Basson Marc D
Surgical Service, John D. Dingell VA Medical Center and Department of Surgery, Wayne State University, Detroit, Michigan 48201-1932, USA.
Cancer Res. 2008 Jan 1;68(1):2-4. doi: 10.1158/0008-5472.CAN-07-2992.
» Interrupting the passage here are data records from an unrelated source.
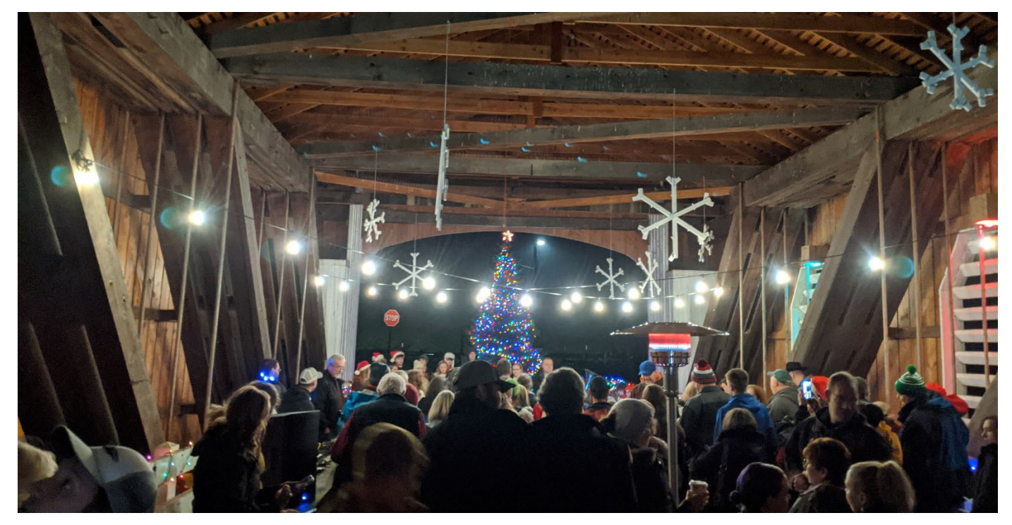
Figure 12: Lowell Covered Bridge Tree Lighting

2. Provide diverse recreation and library programming for residents of all ages and abilities.
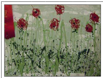
"Poppies," by Kerry Conkling, 2nd place, Adult student, abstract/experimental
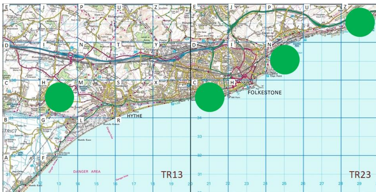
Figure 3: Distribution of all Icterine Warbler records at Folkestone and Hythe by tetrad

Figure 3 shows the location of records by tetrad.
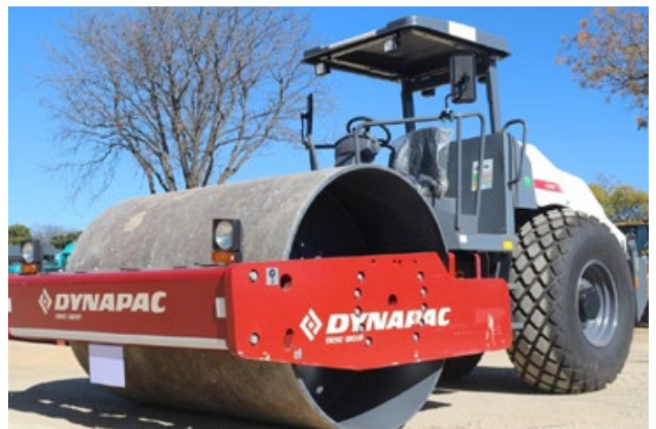
2018 Dynapac CA255 Smooth Drum (2)
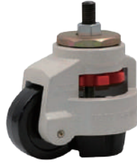
[ GD-S=OWT ]
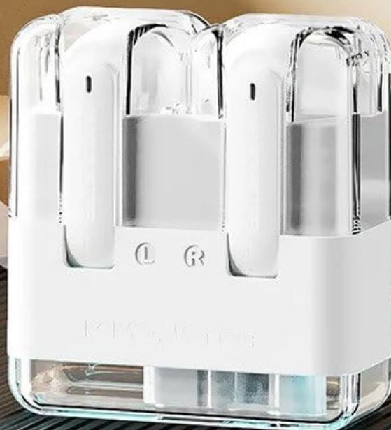
Image: The Monster XKT12 charging case illustrating its extended battery life capability, ensuring prolonged usage.
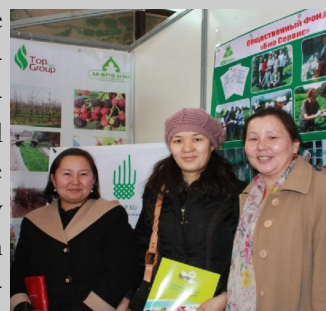
New staff at AgroExpo Fair, February/2013

For today, the Biocotton project has reached its consolidation phase, which focuses on strengthening capacities of partner organizations and creating a conducive environment for organic farming in Kyrgyzstan. We are looking forward for the days when organic farming becomes attractive to farmers as well as to state authori-
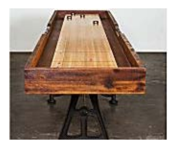
Thinking Of Buying A New Couch? Go To This Site First Wayfair
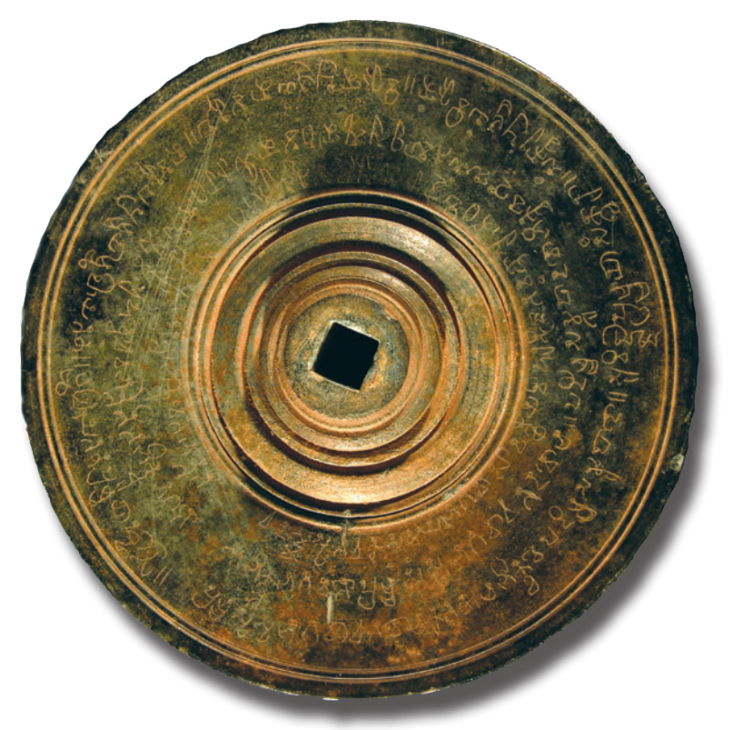
Fig. 3 — Top of the lid of the Devnimori casket.
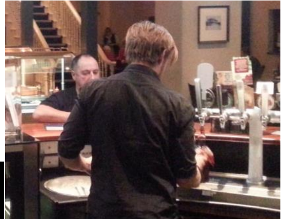
Is this fella old enough to be served? He can hardly reach over the top of the bar!!
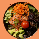
Fresh Salmon $4.80 ☺
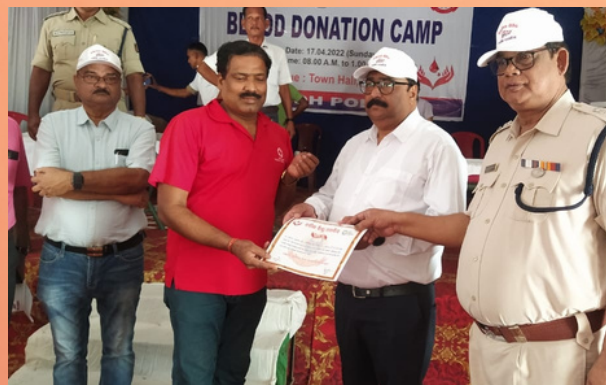
Blood donor being felicitated at blood donation camp, Boudh, Odisha
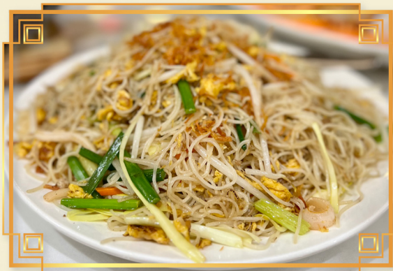
104 客家炒米粉 Hakka Mei Fun

Increasing evidence suggests that tumor cells can regulate their own adhesion via intracellular signals that modulate integrin binding affinity. Although the full pathway has not yet been elucidated, the effects of pressure seem likely to require cytoskeletal mechanosensing, Src, phosphatidylinositol 3-kinase, focal adhesion kinase, and Akt-1 activation. Ultimately, activated focal adhesion kinase accumulates at the membrane in association with beta(1)-integrin heterodimers and may modulate integrin binding affinity. This pathway may be a promising target for manipulation to inhibit metastatic cancer cell adhesion.
越来越多的证据表明,肿瘤细胞可通过调节整合素结合亲和力的细胞内信号来调控自身的黏附。尽管完整的信号通路尚未阐明,但压力的作用似乎可能需要细胞骨架机械传感、Src、磷脂酰肌醇3激酶、黏着斑激酶和Akt-1激活。最终,激活的黏着斑激酶与β(1)-整合素异二聚体结合在细胞膜上聚集,并可能调节整合素的结合亲和力。该信号通路可能是抑制转移性癌细胞黏附的一个有前景的操作靶点。